Classify-and-act
Route heterogeneous inputs to the right specialist instead of forcing one prompt to do everything
A classifier agent inspects the input and returns a structured object — typically `{ category }` — with a schema that constrains its output to a known set of labels. The orchestrating script reads that label and dispatches to the appropriate specialist agent or model tier. The same pattern works on outputs: after a review pass, a classifier buckets findings by severity so only the HIGH-severity items get a second, deeper pass. The classifier itself is usually cheap — a fast model reading a short input to produce a single-token verdict.
When to use
- When your prompt contains a long 'if it's type A do this, if it's type B do that' decision tree — that branching belongs in the orchestrator, not inside a single prompt.

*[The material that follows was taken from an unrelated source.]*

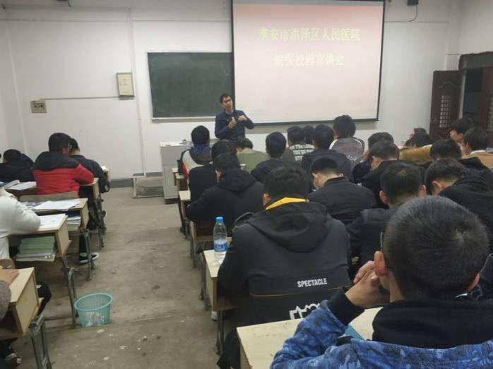 11月21日晚7时,淮安市洪泽区人民医院管理顾问赵华带队一行四人在赭麓校区1201教室举行医院进校院宣讲活动会,suncitygroup太阳新城副经理李曙出席了本次会议,2016级临床医学专业200余位同学参加了此次宣讲会。

- When inputs vary in difficulty and you want to route easy cases to a cheaper model while reserving the stronger one for hard cases — the cost difference compounds across volume.

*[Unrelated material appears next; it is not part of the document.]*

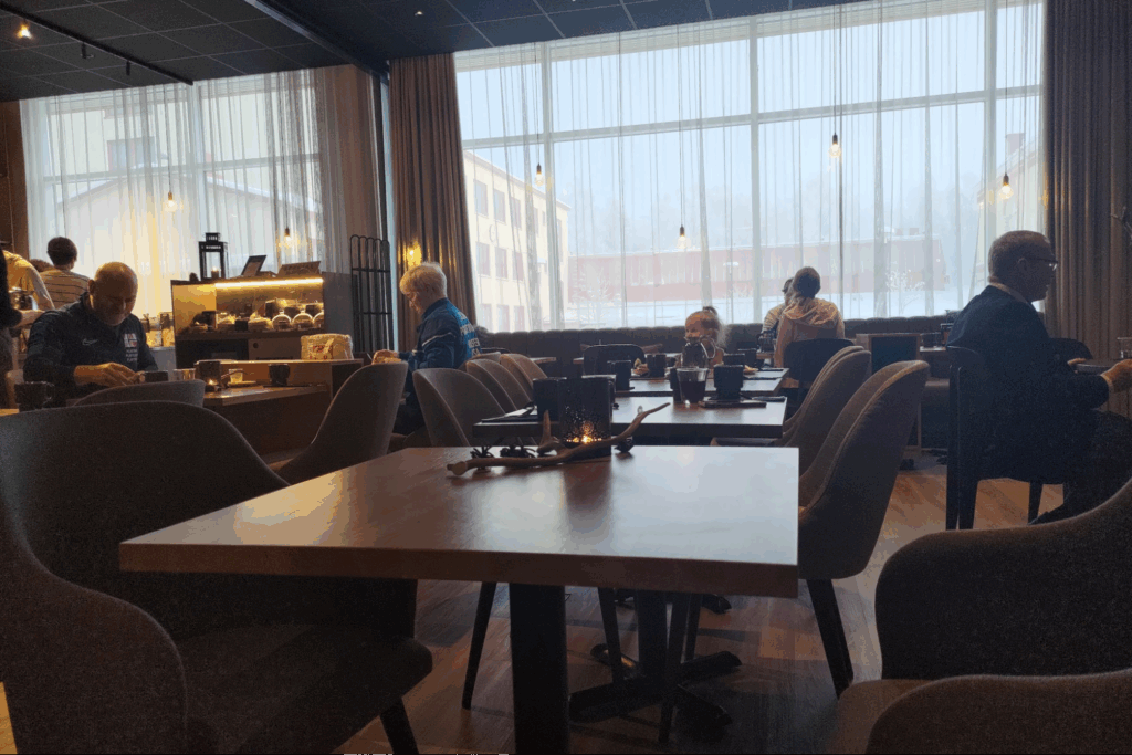 (ケミ駅のプラットフォームにあるCafe Hertta。学生さんや旅行客、地元の女性たちのおしゃべりでにぎやかでした。)

- When handling mixed-intent inputs (support tickets, GitHub issues, onchain transactions, tool-call requests) where categories need entirely different downstream behavior, not just different instructions.
- When classifying outputs at the end of a review or audit — bucketing findings by severity, area, or confidence so you can triage what needs a deep-dive versus what ships as a summary.

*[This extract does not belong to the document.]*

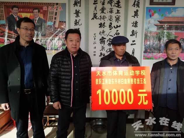 12月6日下午,天水市體校黨總支書記、校長陳玉洪,黨總支副書記薛俱增一行,專程到幫扶村秦安縣葉堡鎮(zhèn)東升村,為該村22歲的白血病患者龐王杰家屬送去學校教職工捐助的10000元愛心善款。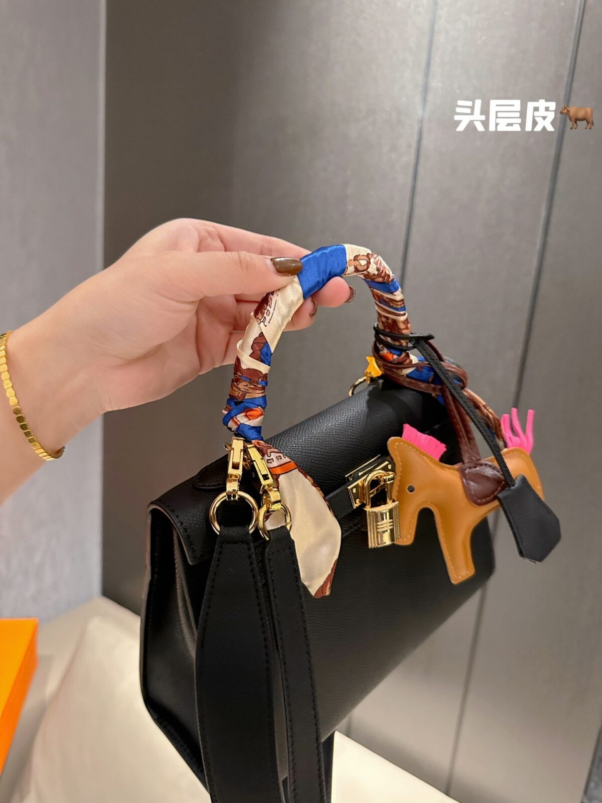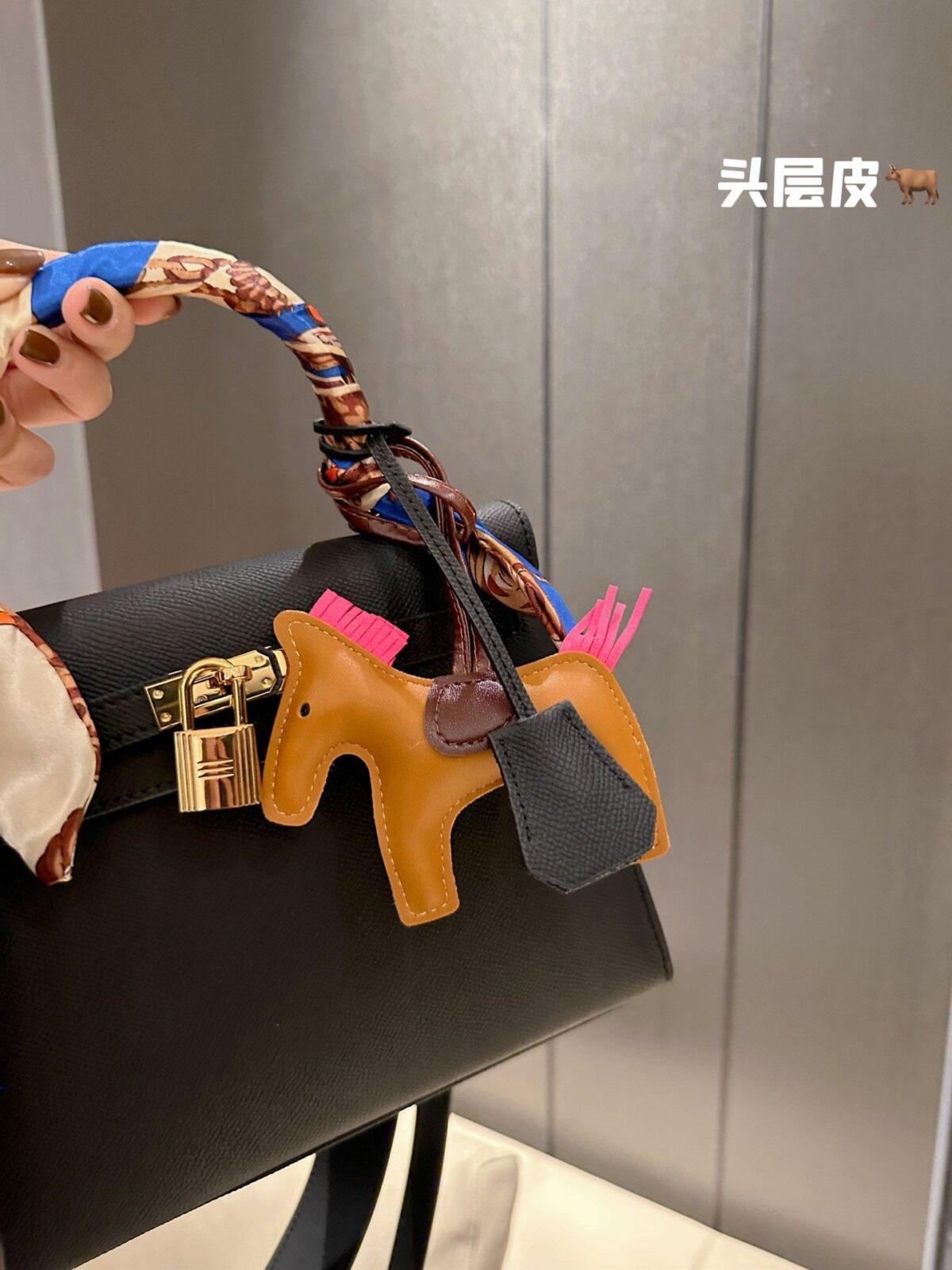 为了进一步提升您的造型格调,这款手袋特别搭配了精心甄选的配饰。手柄处巧妙地缠绕着一条色彩鲜艳、质地考究的真丝 Twilly 丝巾;它不仅能有效保护皮革免受手部油脂的侵蚀,更为手袋注入了一抹灵动迷人的艺术气息。包身侧面悬挂着我们标志性的皮革“Rodeo”小马挂饰——这一俏皮而不失优雅的点睛之笔,柔化了包袋硬朗的结构感,更彰显出您独特的个性。

- When a misrouted action has real cost — onchain writes, state-changing API calls, messages to users — and you need a gate that distinguishes read-only from destructive before dispatching.
Example prompts
- Fixes
- Wrong-tool-for-the-job: a single generic prompt handling many task types is mediocre across the board — per-type instructions dilute each other, and you pay for a strong model on inputs a cheap one would handle fine.
- Tradeoffs
- The classifier is an extra round-trip before any real work starts — added latency and tokens on every input, even trivial ones. A misclassification routes confidently to the wrong specialist, which can be worse than a hedged single-agent response. It pays for itself only when task types genuinely diverge enough that separate specialists beat one well-instructed prompt; on homogeneous inputs it's wasted overhead.
- Primitive
- agent+schema: the classifier is constrained by a response schema (e.g. `{ category: "bug" | "feature" | "question" }`) so the orchestrating script branches on the output without parsing free text. A switch/if in the script then dispatches to the right specialist agent or model tier.
Avoid whenWhen inputs are homogeneous or the routing rule is a deterministic field check — if you can write `if (input.type === "bug")` without an LLM, a classifier agent is wasted latency.
Worked example
During a security review of an MCP router, a single pass returns 30+ findings of wildly varying weight. Feeding all of them to a deep-dive remediation agent is expensive and noisy. Instead, a lightweight classifier reads each finding and assigns HIGH / MEDIUM / LOW. The orchestrator routes only the 6 HIGH findings to a second agent that writes patch code and adds regression tests. MEDIUM findings get a concise recommendation block; LOW findings are summarized in bulk. Total cost drops, and the output that matters most gets the most compute.